While the economic benefits of a highly capable and ubiquitous network infrastructure are clearly evident, the existing industry structures appear to be locked in a mode of exploiting existing infrastructure, and the incumbents evidently lack the necessary incentives to adapt and improve this infrastructure to meet emerging demands. The issues around network neutrality and the tensions about who owes who and how much between content and carriage are perhaps superficial manifestations of a more fundamental issue about public and private roles in the provision and maintenance of common public infrastructure. But doing little other than hoping that Adam Smith’s invisible hand will solve all of this through the actions of competitive suppliers to an open market is probably just wishful thinking. It makes as little sense to festoon our streets with a myriad of cables from competing access carriers, as it does to lay down parallel railway tracks for competing railway service providers. In economic study, this is a case of the subadditivity of costs where the economies of scale do not compensate for the high level of sunk capital in duplicated infrastructure investment. It implies that the costs of service delivery from only one supplier is socially less expensive in terms of average costs than costs of production of a fraction of the original quantity by a number of competing suppliers. In general, an observation that a market has a property of subadditive costs is a necessary and sufficient condition to lead to the formation of natural monopolies is that market. As recently reported in the Australian financial press, in connection with a recent study into the Internet access market in Australia, the economist Henry Ergas introduced his personal submission to the Australian Productivity Commission inquiry on Public Infrastructure by stating: “Most of these assets—which go from ports, roads and railways through to power, water and telecommunications networks—have natural monopoly attributes, in the sense that a single system can handle all of demand at least cost.”
Can we make the necessary trade offs and compromises to sustain an efficient market in communications access infrastructure through competitive infrastructure services, and at the same time stave off the inevitable pressures that lead to supplier aggregation, greater concentration, less competition and the formation of monopoly positions? Can the mantra of Tom Wheeler, the current chair of the FCC, “competition, competition, competition”, truly provide a stable and effective framework for regulatory oversight of a subadditive activity that continues to be dominated by the entrenched position of local monopolies?

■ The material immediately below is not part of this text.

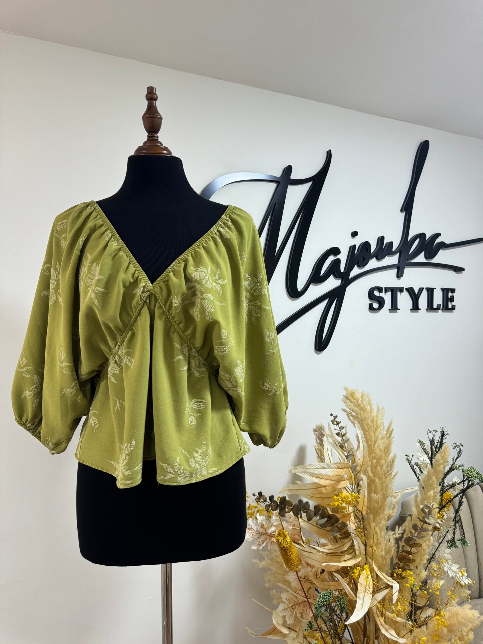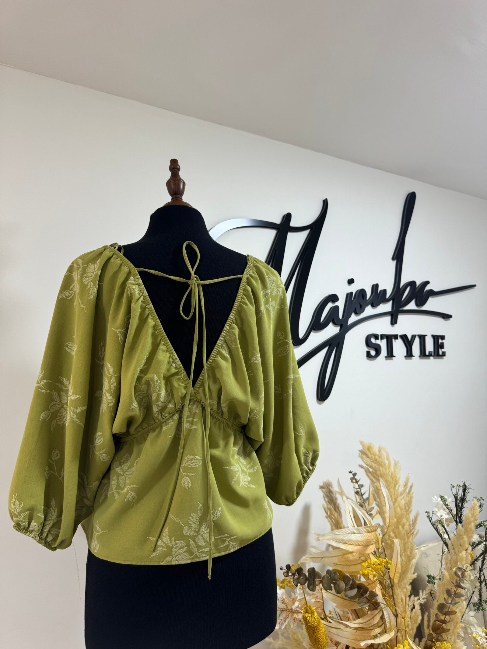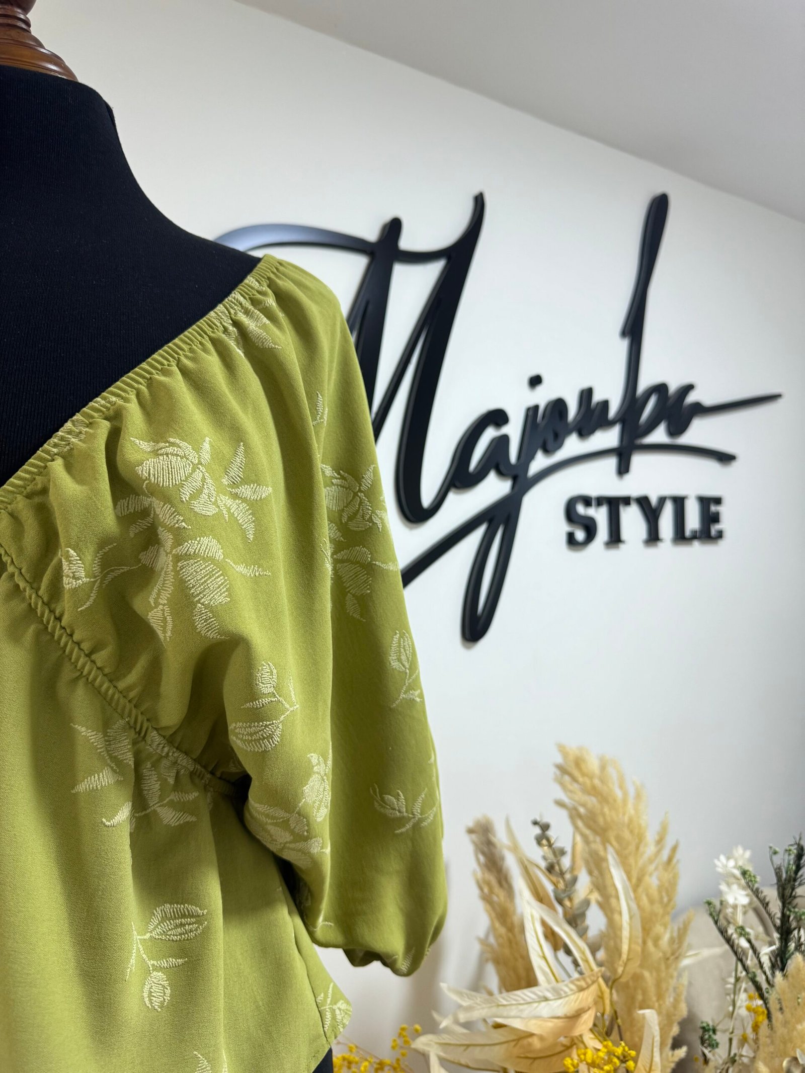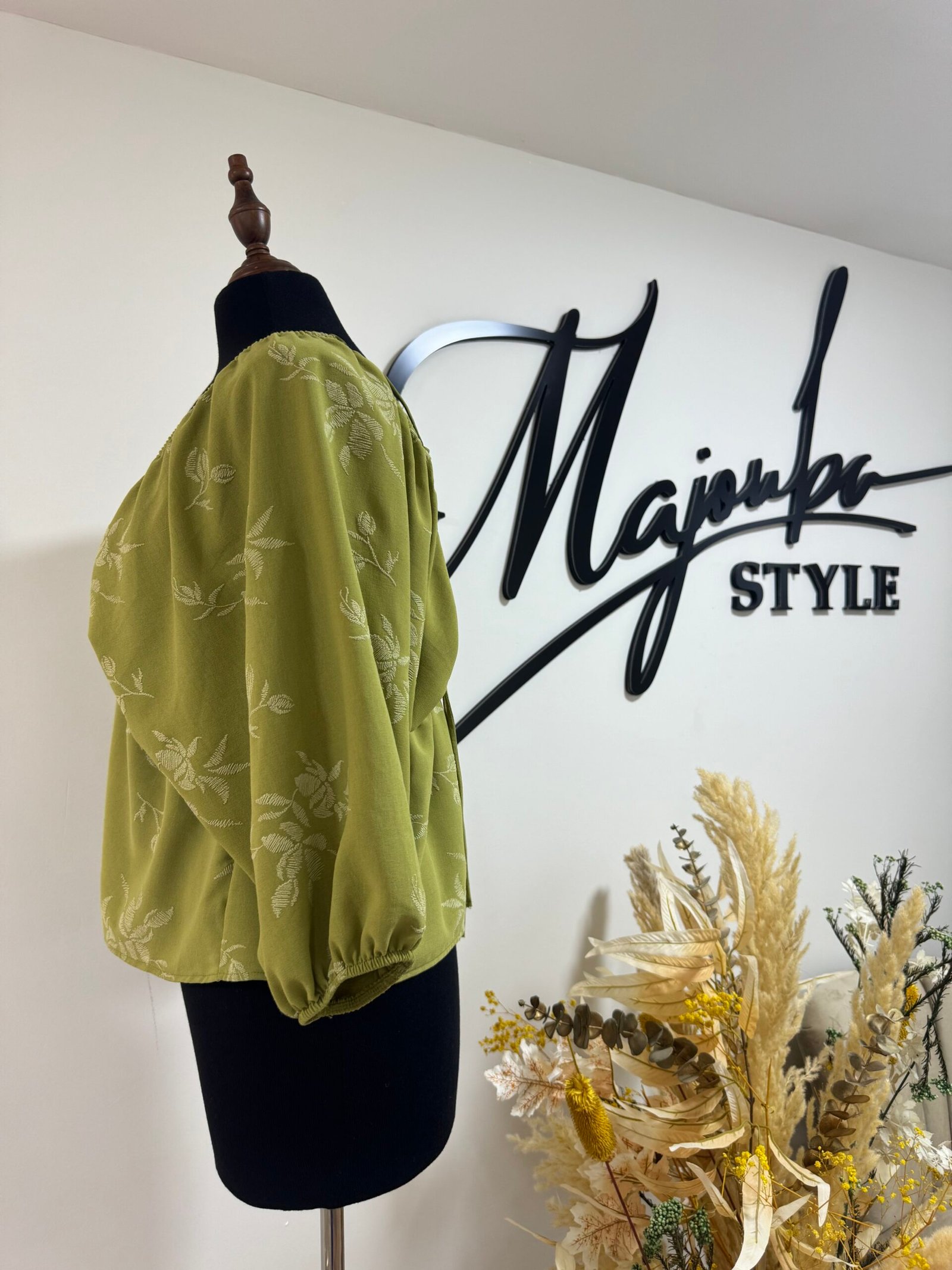 Ce haut à motifs floraux dans une teinte vert olive est l’incarnation parfaite du chic estival. Léger, fluide, et ultra féminin avec sa coupe croisée et ses manches bouffantes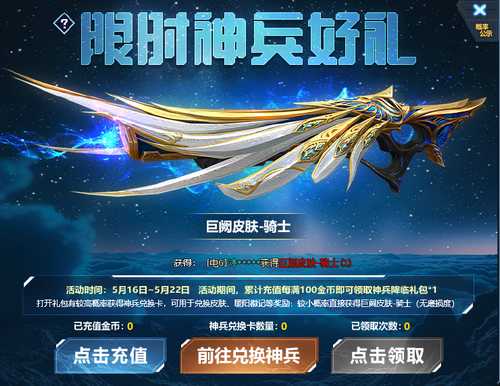 2、打开礼包有较高概率获得神兵兑换卡,可用于兑换皮肤、暖阳徽记等奖励,较小概率直接获得巨阙-骑士;

Our experience in global aggregation and concentration in large scale industries, such as the car, ship and airplane construction industries has not proved altogether reassuring, and in such a light the emergence of local monopolies in the access market is probably a relatively assured outcome. “Too big to fail” is now being used as an excuse to paper over large scale inefficiencies, and introduce a dependence on the public sector to bail out poor decision making and high risk positions being taken by such private sector actors. So this observation relating to the tendency for local monopolies in the access market is not necessarily a benign or even a neutral observation. Economic theory, and conventional industry practice, says that as a private sector enterprise, a local monopoly operator will restrict output to increase prices in order to maximize its economic profit. However from a social perspective the extraction of monopoly rentals is an economically inefficient outcome, and not only does the consumer face inflated prices and poorer quality services, but the there is little incentive for further investment or innovation by service providers, with associated broader reaching consequences for the longer outlook for a competitive and efficient national economy. Considerations of economic efficiency for both consumers and the national interest therefore call for clear regulatory attention for such activities, particularly when we are dealing with such a crucially important sector that underpins public communications and the entirety of the digital economy.
So while it may look on the day like the more challenging option, and it may look like a clear step away from the ethos of a light touch of minimal regulation and the fostering of market-based private sector activities in a competitive environment that provides innovative and efficient services to the public, there is nevertheless much to be said for a Title II common carriage approach to the access carriage sector. The Internet access market is not a market that naturally tends towards strong competition. The tyranny of sunk capital investment in infrastructure leads to a market that naturally aggregates, and such aggregation has an inevitable outcome in the formation of local monopolies. The “light touch” framework to Section 706 in Title I is just not an adequately robust regulatory framework for this space.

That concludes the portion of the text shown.